The peasant who had first found him had fallen out with his son, and one day as the animals looked on in incomprehension (all but one of them) the two men, more bestial by far than those who observed them, went for each other with knives; son killed father, and then was taken away himself to be hanged. The lord of the manor pulled down the house and gave the land to the church, grisly ghosts and all; receivers came and put up for sale whatever of worth was movable. The Ass was driven with the other beasts to the fair and was there sold to a merchant to carry his goods.
Haberdashery, raw silks, the little ribbons or zagarelle that boys give to girls, gold and silver thread, combs, Spanish caps from Spanish Naples, the merchant carried his load from fair to fair: when one closed and its stalls were dismantled he knew of another one opening a day's walk away. He might acquire a large load of some commodity at one, cheeses or almonds or skins, taking a chance that he could make a profit on it at the next, and sometimes he bought a mule or two to carry it, and then sold them too. He was a busy round cheerful fretful man who could add and subtract and multiply on his fingers up to hundreds of soldi, and in his head turn the weights and measures of one region—of lead, silk cloth, pepper—into the measures of the next he came to.
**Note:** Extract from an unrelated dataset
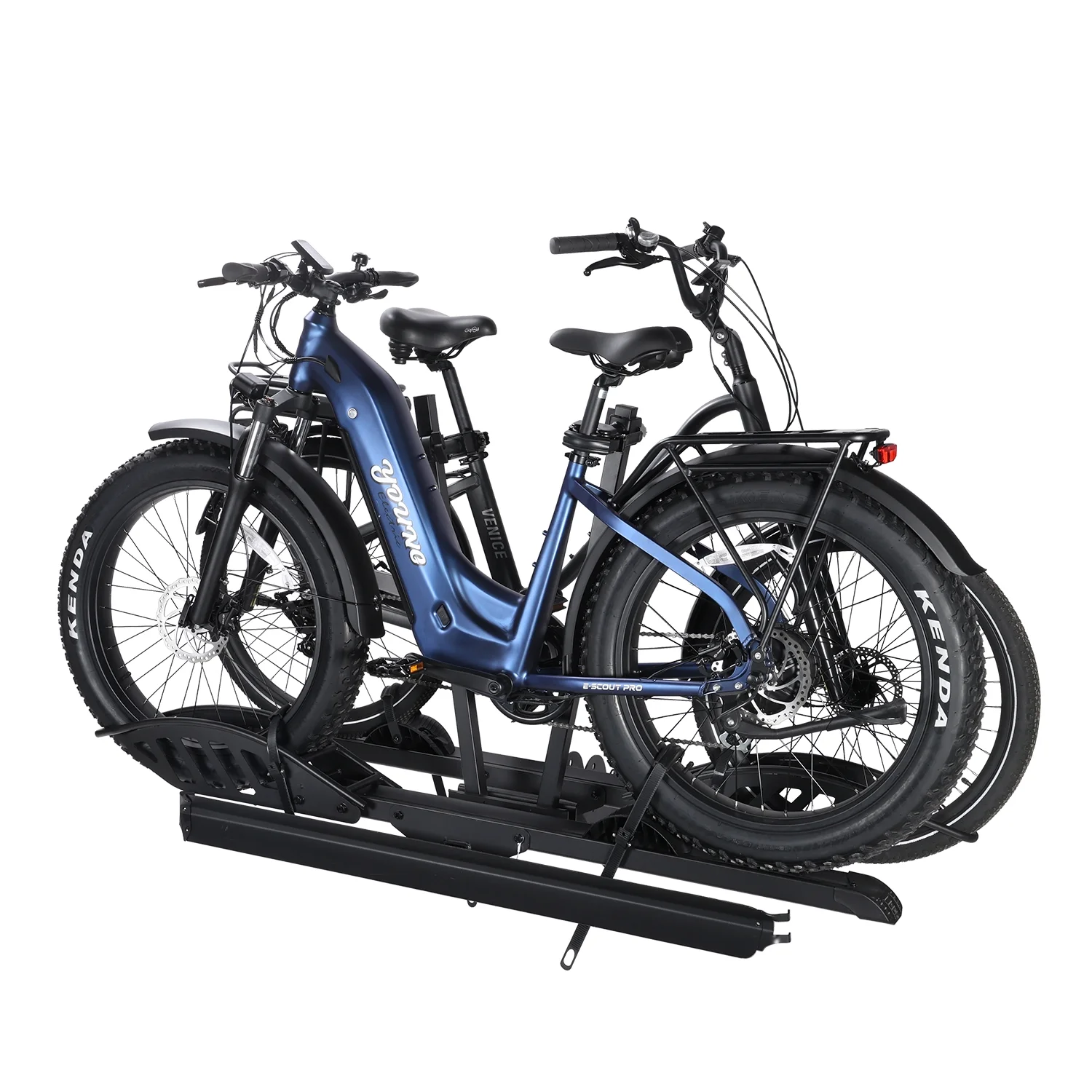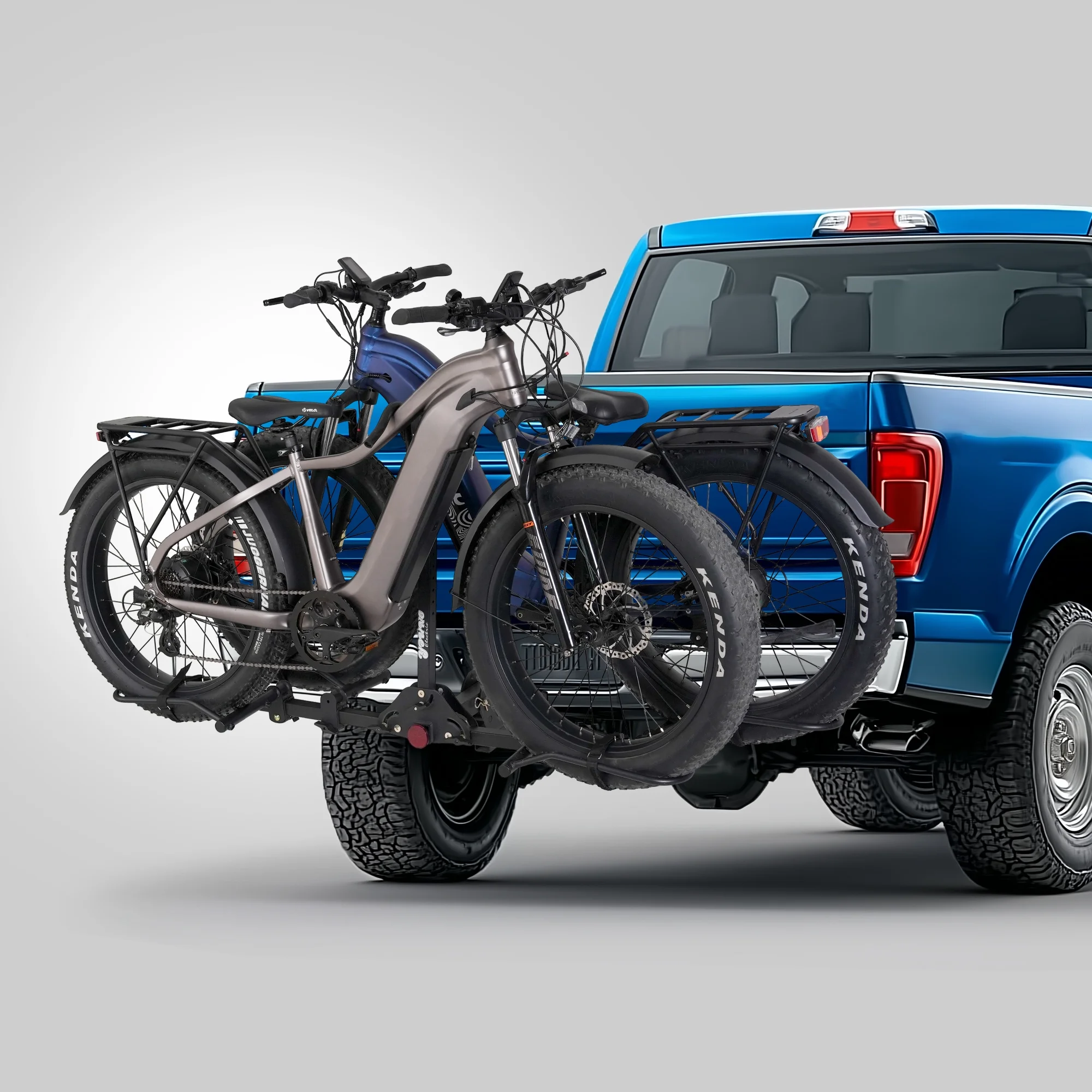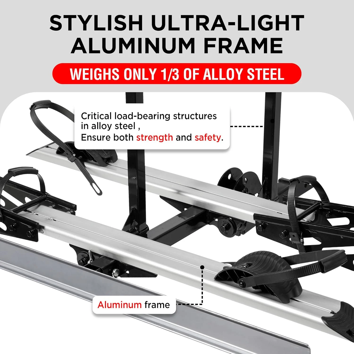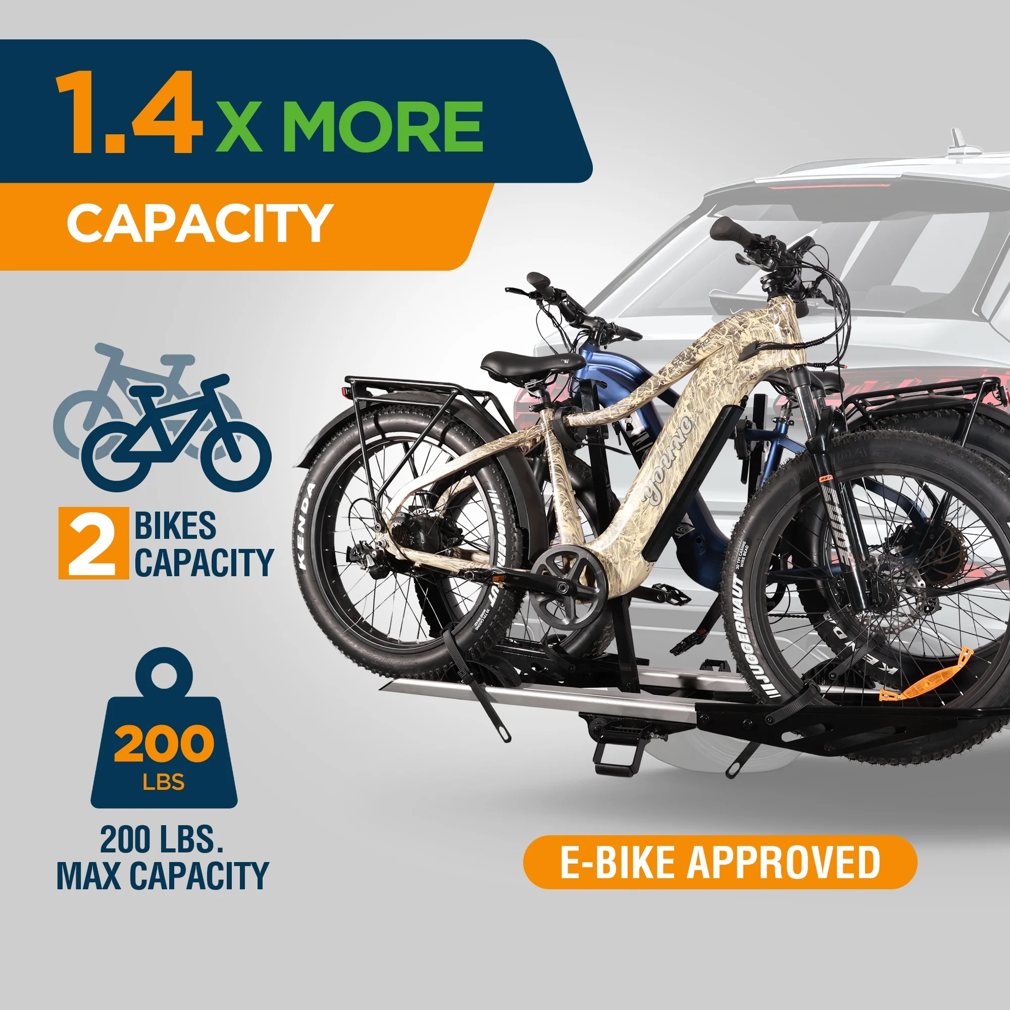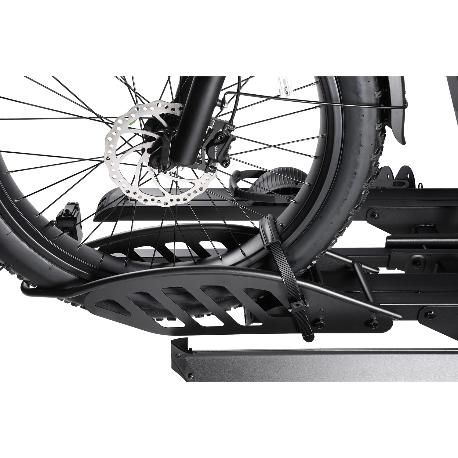 - 200 LB TOTAL CAPACITY: Easily transports up to 2 bikes, with a maximum weight of 100 lbs per bike. The universal tire holders and wheel straps are compatible with mountain bikes, road bikes, and fat tire bikes with tire widths up to 5 inches, fitting tire diameters from 20" to 29" and bikes with a wheelbase up to 58".

His new little ass he kept, loading him to the withers and as high as his own head while whistling tunelessly and happily. And much as the Ass hated each morning, the new prospect, the new road, still he was not walking in a circle, and he could not despise his new master. When he stood to sleep beside him in the noontide, or alone in the innyard at night, he bent his mind to remember, remember; he worked his thick coarse tongue and the strong jaw that Samson had used for a weapon, so unsuited to what he needed it now to do. Walking the roads and highways from the fairs of Recanati and Sinigaglia in the Papal States across the mountains to the fairs authorized by the Republic of Venice at Bergamo and Brescia, he hawed and sighed and moaned in the back of his throat until his master struck him smartly in impatience, but it was quite suddenly and without forethought, on a rocky mountain road in a hurry to make town before nightfall, that at last he managed it:
—My load is unbalanced, he said. If you don't shift it you will lame me.
We are less surprised than perhaps we suppose we will be to hear our beasts talk. After all, they do in our dreams, and even awake we seem to hear their thoughts well enough. In scripture, when Balaam's little ass suddenly appealed to him, saying What have I done unto thee, that thou hast smitten me these three times? Balaam evinced no surprise at it. He simply answered: Because you mocked me.
So the merchant, after looking around himself a moment and realizing no one else could have spoken but the beast looking up at him in supplication, proceeded to repack the baggage on his back.
—Better? he asked then mockingly, as though daring the ass to speak again. But the Ass kept silent, amazed and suddenly cautious. The two of them went on.